# Exosome separation and digital resolution detection of blood-based nucleic acid biomarkers for noninvasive therapeutic diagnostics in cancer

> **NIH NIH R01** · UNIVERSITY OF ILLINOIS AT URBANA-CHAMPAIGN · 2020 · $556,370

## Abstract

Abstract
 Multiple drug therapies have been approved for treating advanced cancer. However, the effectiveness of
each is variable and the ability to monitor or predict efficacy in individual patients is underdeveloped. Our team
recently demonstrated (using traditional sequencing-based methods) that expression levels of specific
microRNAs (miRNAs) in blood can effectively predict treatment outcomes. The goal of this proposal is to develop
innovative technologies that will allow us to measure miRNAs from a patient on a frequent basis, in a way that
is convenient and rapid, to enable precise adjustment of therapy. This is currently not achievable using RT-PCR
or sequencing-based detection. All cancers are associated with heterogeneous somatic genetic alterations,
ushering in a new generation of nucleic-acid-based targeted treatments. The measurement of somatic genome
based biomarkers to assess, monitor, and change treatments is needed. Circulating exosomal miRNAs
represent one class of highly specific markers of cancer-associated genetic mutations that can be noninvasively
sampled from blood, whose quantitation can provide previously-unavailable information to clinicians for
generating informed decisions on selection of effective treatments among the wide array of options. In order to
make effective routine use of miRNA cancer biomarkers, novel technical approaches will need to be developed
that can offer a high degree of multiplexing, quantitation, ultrasensitivity, low cost, simplicity, integrated sample
processing, and robust instrumentation suitable for point of care (POC) settings.
 We link a newly demonstrated form of microscopy, called NanoParticle Photonic Resonator Absorption
Microscopy (NP-PRAM) with a simple and effective exosome isolation approach to perform sample preparation
that yields exosomal miRNA for detection.
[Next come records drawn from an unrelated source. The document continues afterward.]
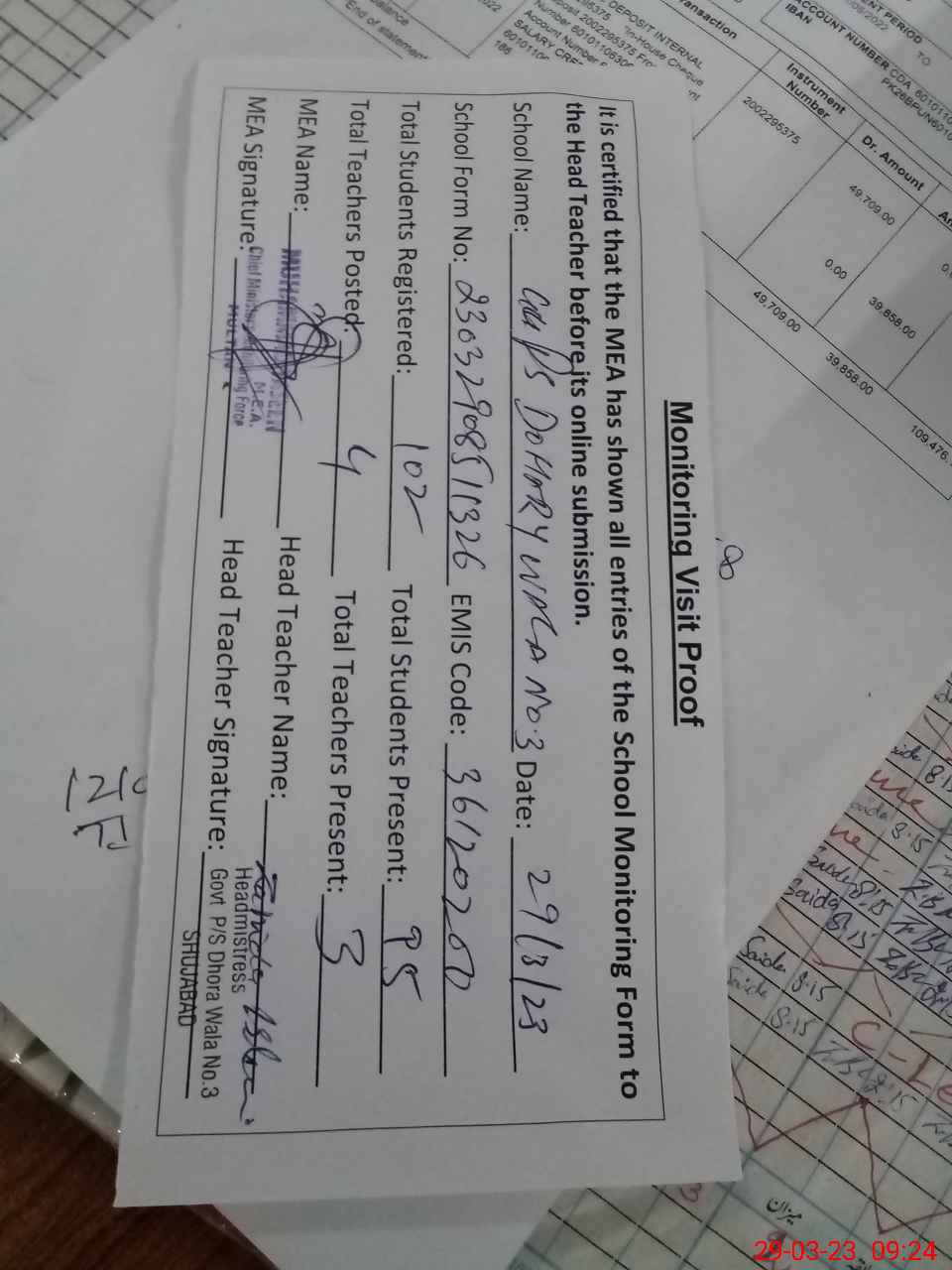 | Attendance Register | Head Teacher | MEA with School | Visit Proof |
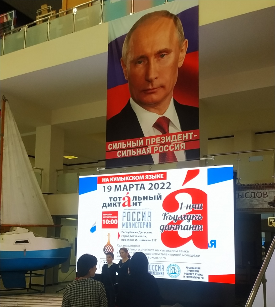 19 марта на базе исторического парка « Россия – моя история» состоялся тотальный диктант на кумыкском языке, в котором приняла участие общественная делегация Хасавюртовского района, в том числе работники СМИ района. Организатором мероприятия выступил Фонд поддержки талантливой молодежи имени Султан – Мута Тарковского, где условием диктанта является свободное участие любого желающего, независимо от деятельности и оценить свои знания в написании диктанта по родному языку.
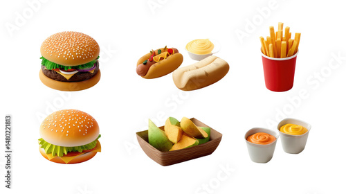 Delicious Snack Arrangement: A mouthwatering assortment of fast food delights, featuring a juicy burger, hot dogs, crispy fries, and other tasty treats. perfect for a satisfying meal or snack.
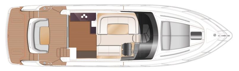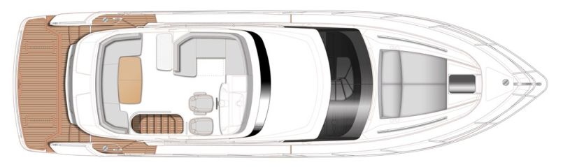 Tilavassa konehuoneessa on kaksi Volvo Penta 600-hevosvoimaista D8:sia, jotka ovat käynniltään ja ominaisuuksiltaan teholuokkansa hienostuneimmasta päästä. Moottorit on yhdistetty IPS-vetolaitteisiin väliakseleilla, joten Princess on vetolaitaratkaisusta huolimatta halunnut pitää kiinni moottorien perinteisiä akselivetoisia malleja vastaavasta sijainnista ja sen tuomasta painojakaumasta, jolla on puolestaan ilmeisen suotuisat vaikutuksensa ajo-ominaisuuksiin.
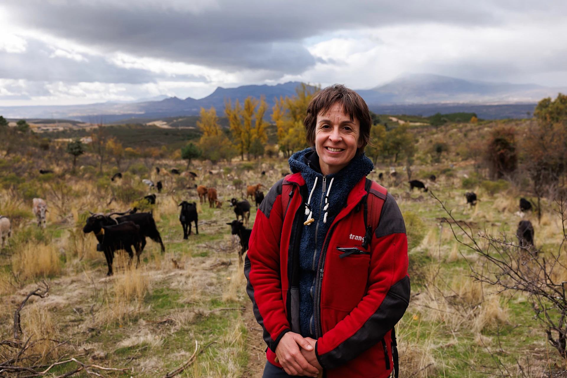 Clara Benito vive y trabaja en la Sierra Norte de Madrid, en el municipio de Berzosa de Lozoya, donde gestiona un rebaño de unas 160 cabras. Su proyecto, Entre Lobas Pasto Salvaje, combina ganadería extensiva, restauración ecológica y prevención de incendios en una zona con alto riesgo debido a la gran acumulación de matorral.

Using plasmonic NPs whose resonant wavelength matches a
photonic crystal surface, NP-PRAM demonstrates high contrast “digital resolution” precision sensing of exosomal
miRNAs. We plan to develop assays for simultaneous detection of 5 miRNA sequences extracted from a single
droplet of blood with a rapid assay protocol that does not require fluorescent emitters or enzymatic amplification.
We utilize simulation-guided miRNA probe design for ultraspecific hybridization. We will apply NP-PRAM in the
context of a panel of clinically validated miRNA biomarkers for advanced prostate cancer.
 Our approach offers important advantages compared to existing methods for detection of circulating nucleic
acid biomarkers: It requires only a ~50 µl droplet of test sample unlike 10-20 ml of blood for RT-PCR based
detection methods. NP-PRAM detection produces highly quantified results because nanoparticle tags are not
subject to the effects of quenching or background fluorescence that are common to fluorescent dyes. The assay
is isothermal, conducted at room temperature, and highly selective, while it does not require enzyme
amplification or w...

## Key facts

- **NIH application ID:** 9997542
- **Project number:** 1R01EB029805-01
- **Recipient organization:** UNIVERSITY OF ILLINOIS AT URBANA-CHAMPAIGN
- **Principal Investigator:** Brian T. Cunningham
- **Activity code:** R01 (R01, R21, SBIR, etc.)
- **Funding institute:** NIH
- **Fiscal year:** 2020
- **Award amount:** $556,370
- **Award type:** 1
- **Project period:** 2020-07-15 → 2024-03-31

## Primary source

NIH RePORTER: https://reporter.nih.gov/project-details/9997542

## Citation

> US National Institutes of Health, RePORTER application 9997542, Exosome separation and digital resolution detection of blood-based nucleic acid biomarkers for noninvasive therapeutic diagnostics in cancer (1R01EB029805-01). Retrieved via AI Analytics 2026-05-23 from https://api.ai-analytics.org/grant/nih/9997542. Licensed CC0.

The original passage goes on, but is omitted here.